Ask your wife - if the situation were reverse where if you had children before her and she was a stepmom, would she feel another woman’s kids are owed her parents/family inheritance? If it upsets her, what is she going to do about it? Divorce you?
Chief
Don’t think I have an answer here. But consider you’re basically telling your wife you don’t love your step-children as much. Regardless of whether that’s rational you can imagine it hurts, yeah? I’d ask myself if that hurt is worth it.
Not a real answer, but have you considered talking to the family openly about this (including both biological and step kids)?
The worst thing to happen is when there is a surprise which could cause problems or rifts in the family. Getting things out in the open early could be helpful.
Biological children get inheritance. Those step children have their own father and grandfather.

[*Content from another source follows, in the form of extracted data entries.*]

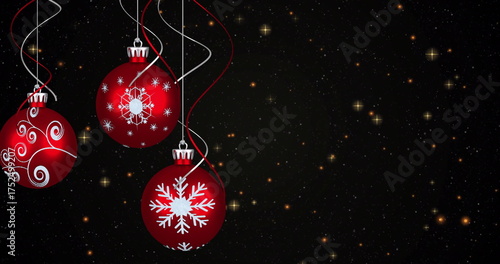 Fototapeta premium Image of yellow stars over christmas baubles
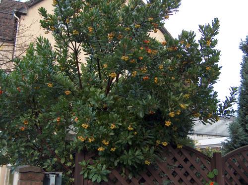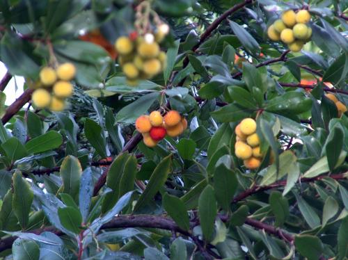 ich habe schon mal vor einiger Zeit Bilder von den Erdbeerbäumen gezeigt. Sie stehen hinter einer Mauer, aber doch recht zugig direkt an der Strasse.Sie dürften ca. 2-3 meter hoch sein. Jetzt sieht man auch genau das es sich um Arbutus handelt, es sind reichlich Früchte vorhanden.
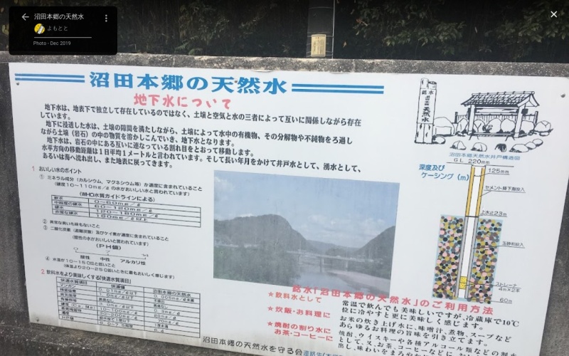 飲料水として常温で飲んでも美味しいですが、冷蔵庫で10℃位に冷やすとさらに美味しく感じます。 炊飯・お料理にお米の炊き上げ水に、煮物、ス-プなど、あらゆるお料理の旨味を引き立てます。 焼酎の割り水に お茶・コーヒーに焼酎、ウイスキーや各種アルコール類などの割水として、又、お茶、コーヒーなどに、美味しさを引き出し、味わいをまろやかにします。 (看板より引用) |

Yeah this is tough. No real solution for you. But wanted to drop a note to wish you the best of outcomes!
Rising Star
Thank you!
Chief
How long have you been their stepfather for? Or how old were they when you came into their life? Do they have a relationship with their biological father?
This. If you’ve been in your step-kids’ lives since they were children (< high school age, and maybe even HS), it feels profoundly shitty to differentiate, especially if their other parent is out of the picture. If they’re adult stepchildren, though, then it feels a little more reasonable to differentiate.
My stepfather is the only father I have known since I was 5. Have step siblings and his inheritance is to be divided equally amongst all of us whenever it maybe. It does not equate to how much he loves us but speaks a ton without having to. My biological father passed away before I even turned 1 and what was bequeathed to me has been for me. The same has applied to what was bequeathed to my step siblings post their mother’s passing. Honestly- love is love and it comes without riders. Perhaps if you have an open honest relationship , talk to your kids and gauge how they feel about it. Good luck and much love.
PS: Most of the inheritance is what he and my mom built working together for 3.5 decades.
Chief
1. From what age have the step kids been parented by yourself?
2. Did you have your biological kids before or after the step kids came into your life? (this can often determine how the biological kids view their step siblings)
3. Is the biological father of your step kids involved in bringing them up in any way?
4. Do the biological parents of your step kids have sizeable family wealth?
5. Most importantly, do your step kids truly consider you as their father and vice versa?
Chief
OP: Thanks for sharing the responses. Another factor to consider would be the step son’s age when he moved in with you.
While I don’t have a perfect answer, I believe you would be able to see your own answer by going over these questions a few times. Do what you feel will minimise / eliminate regrets.
My husband has been Dad since this kid was five. Our intent is for it to go to the surviving spouse first with a few things intentionally left for our siblings and then to our children equally once we kick the bucket.